Viprovex is the trade name used in referring to formulations of Homspera for potential indications for treatment of maladies caused by exposure to various chemical and biological agents. Homspera is a generic name used by the Company to describe the synthetic peptide Sar9, Met (O2)11-Substance P. Sar9, Met (O2)11-Substance P is an analog of the naturally occurring human neuropeptide Substance P, which can be found throughout the body, including in the airways of humans and many other species. All of the Company's research and development efforts are early, pre-clinical stage and both Homspera and Viprovex have only undergone exploratory studies to evaluate their biological activity in small animals.

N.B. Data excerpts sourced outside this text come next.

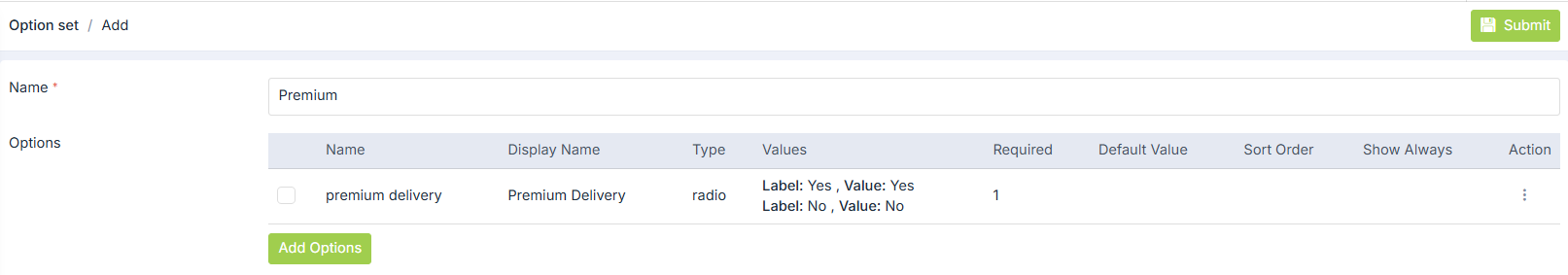 - Provide the Name as 'Premium Delivery' and click on Add Options to add options.
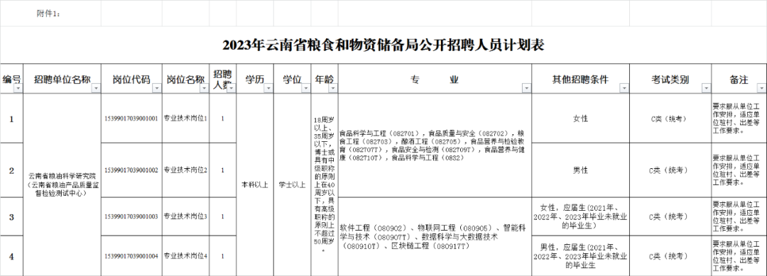 云南省粮油科学研究院(云南省粮油产品质量监督检验测试中心)公开招聘人员4名;以上1家单位共公开招聘工作人员4名。具体招聘岗位及招聘条件,详见《2023年云南省粮食和物资储备局公开招聘人员计划表》(附件1)。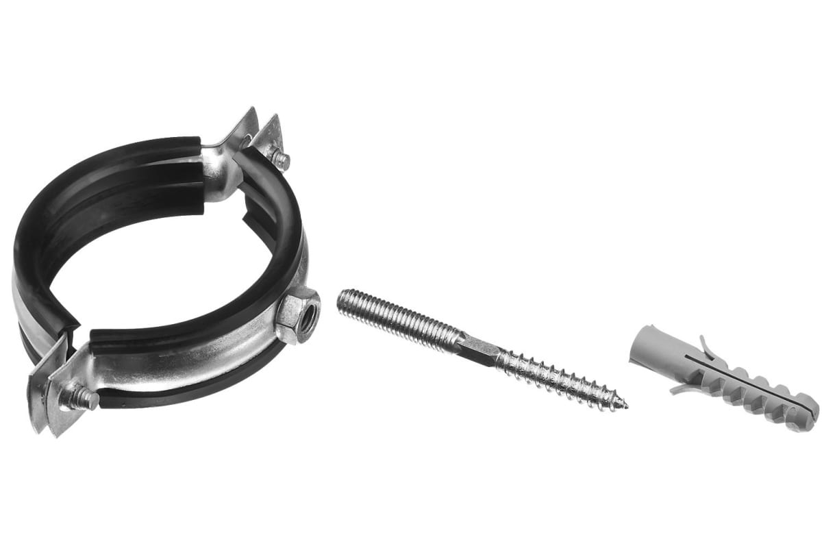 —Трубный хомут с гайкой ЗУБР оцинкованный, в комплекте с сантехнической шпилькой и дюбелем, 3" 37866-87-94—

About ImmuneRegen BioSciences, Inc.
IR BioSciences Holdings Inc., through its wholly owned subsidiary ImmuneRegen BioSciences, Inc., is a development stage biotechnology company focused on the research and development of Homspera(TM) and its derivatives Radilex(TM) and Viprovex(TM), which are designed to be used as countermeasures for multiple homeland security bioterrorism threats. Homspera is derived from modified Substance P, a naturally occurring peptide immunomodulator and homeostatic compound with the dual effect of improving pulmonary function and the stimulation of the human immune system. For more information, please visit the company's website at http://www.immuneregen.com/ .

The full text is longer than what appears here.